Reuptake of L-DOPA-derived extracellular DA in the striatum of a rodent model of Parkinson's disease via norepinephrine transporter.

To determine the role of norepinephrine transporter in reuptake of L‐DOPA‐derived extracellular DA in the DA‐denervated Parkinsonian striatum, we examined extracellular DA levels in the striatum of 6‐hydroxyDA‐lesioned rats that received L‐DOPA (50 mg/kg with 12.5 mg/kg of benserazide) and L‐DOPA plus desipramine (25 mg/kg), a selective norepinephrine reuptake inhibitor, using in vivo microdialysis.

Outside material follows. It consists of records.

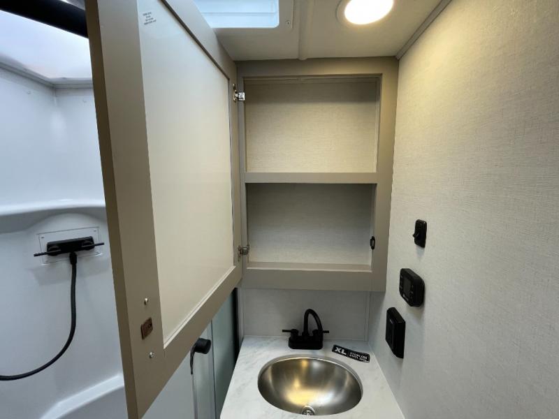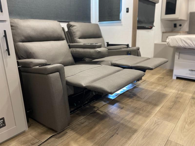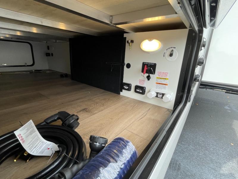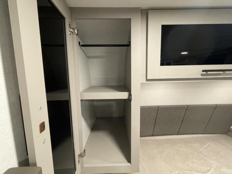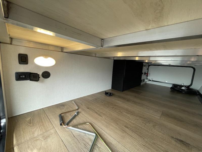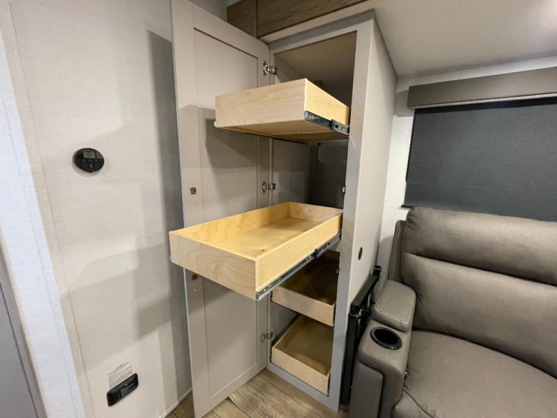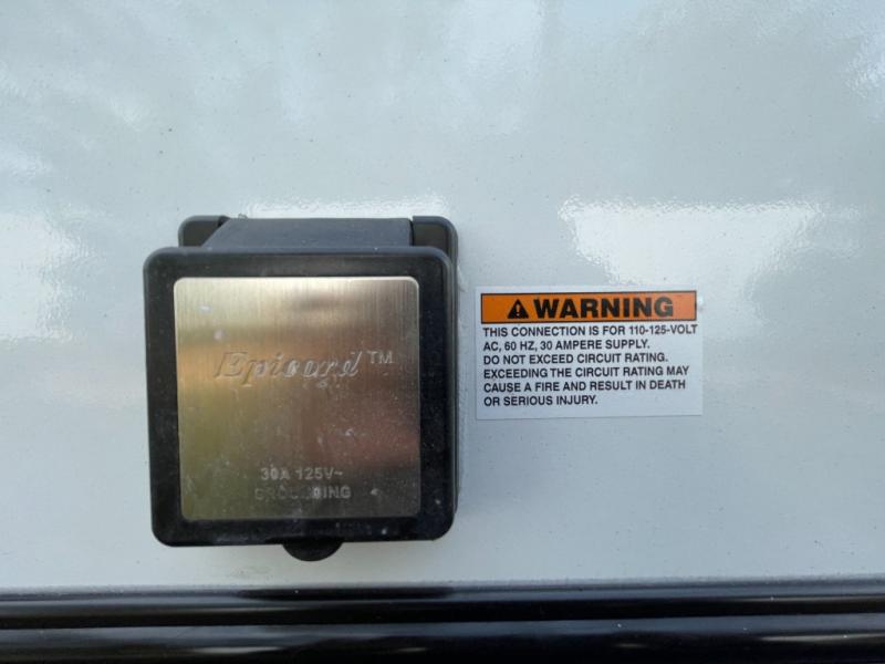 This couple's trailer is perfect for weekend trips to your favorite campground. The theater seat slide will provide comfort and space, while the fireplace across the room will have you feeling right at home. There are also two tables for the sofa and a flip-up extension by the fireplace for more counter space. All of your meals can be made on the three burner cooktop, and clean up will be a breeze with the large kitchen sink. A full bath is complete with a toilet, sink, 32" shower and a linen closet, and the front queen bed with a privacy curtain is sure to provide a great night's rest. You'll also find dual wardrobes and nightstands, along with overhead storage to keep everything organized!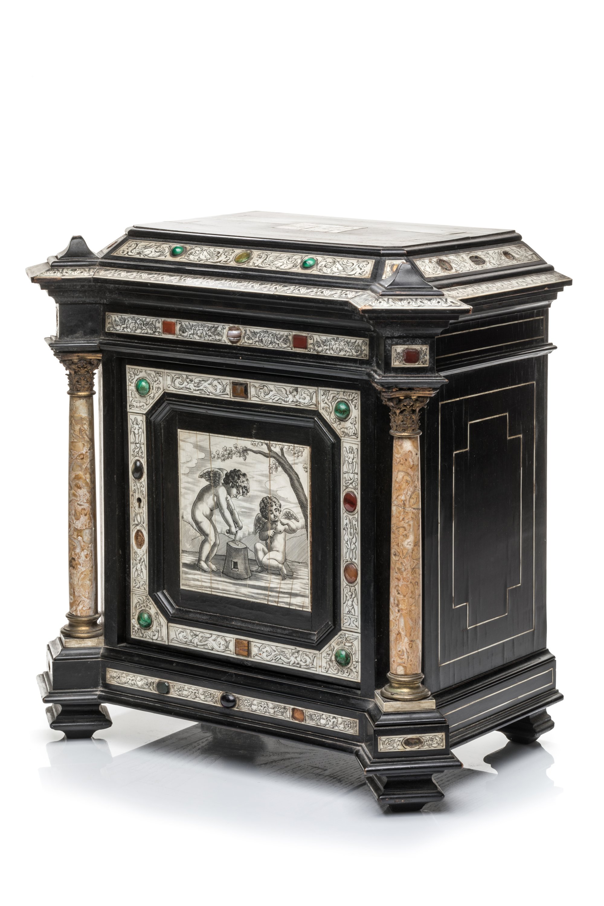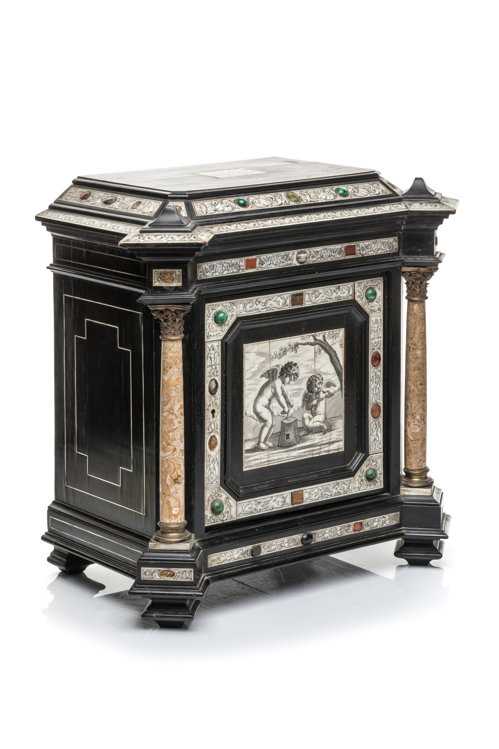 en poirier noirci flanqué de deux colonnes en marbre beige surmontées de chapiteaux corinthiens en bronze doré. Il est orné de cabochons de pierres dures de couleurs. La porte présente une plaque d'ivoire gravée d'une scène aux Amours affutant leurs flèches. Encadrements et plaques décoratives de griffons ailés en ivoire, tout comme le pourtour du dessus en doucine.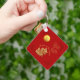 Papier chinois doré coupé d'un Dragon + nuages Auspicious chinois dorés (graphique en ligne) + cadres chinois rouge foncé dans les quatre coins. Conception sur porte - clé carré avec monogramme (avant et arrière) sur arrière - plan rouge. Carte de voeux, carte postale, autocollant et plus encore. Parfait pour le Nouvel An du Dragon chinois 2024 ou anniversaire (personnes nées dans l'année du Dragon).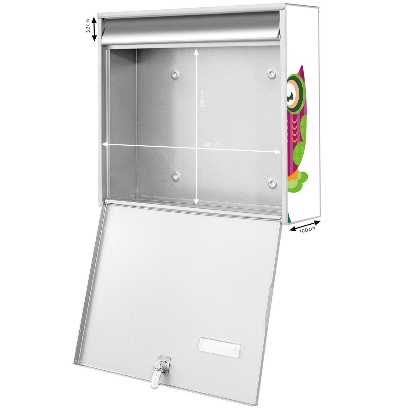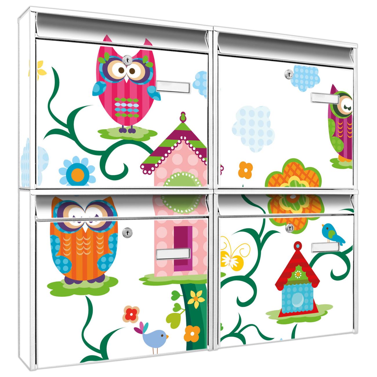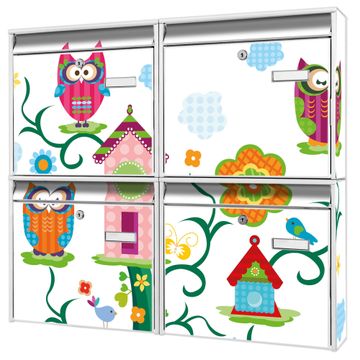 FUNKTION: Die Burg-Wächter Briefkastenanlage mit Motiv Eulenfamilie bietet Ihnen ausreichend Fassungsvermögen um auch A4 und C4 Sendungen zu empfangen. Das integrierte Namensschild lässt sich individuell beschriften. Wählen Sie aus den Grundfarben weiß, silber und schwarz. DESIGN: Die 4 Briefkästen haben ein ansprechendes und zeitloses Design, ohne dabei auf Funktionalität zu verzichten. Das Material ist sehr stabil, wetterfest und rostfrei. Durch das Motiv Eulenfamilie werden die Postkästen zu einem Blickfang. DETAILS: Die Postkästen bestehen aus verzinktem Stahl der zusätzlich mit Klarlack versiegelt wurde. Die Kästen sind gesamt 64,5cm hoch, 72,5cm breit und 10cm tief. Das Motiv besteht aus einer wetter- und UV-festen Folie, die Ihren Briefkasten zusätzlich vor Kratzern schützt. Die Postkästen werden mit Montagematerial, je einem Namensschild und je zwei Schlüsseln geliefert. NUTZEN: Das Briefkastenset eignet sich für die Wandmontage, die Größe bietet genügend Platz für Sendungen aller Art. Das zeitlose Design sowie die stabile Bauart bieten Ihnen einen treuen Begleiter für Ihre Post. BANJADO:

The pretreatment with desipramine increased levels of extracellular DA derived from administrated L‐DOPA in the DA‐denervated striatum. This study provides evidence that L‐DOPA‐derived DA is taken up by the norepinephrine transporter, instead of the dopamine transporter, in the striatum with dopaminergic denervation. This result suggests that the norepinephrine transporter could be a promising target in the treatment for Parkinsons disease. Synapse 62:632–635, 2008.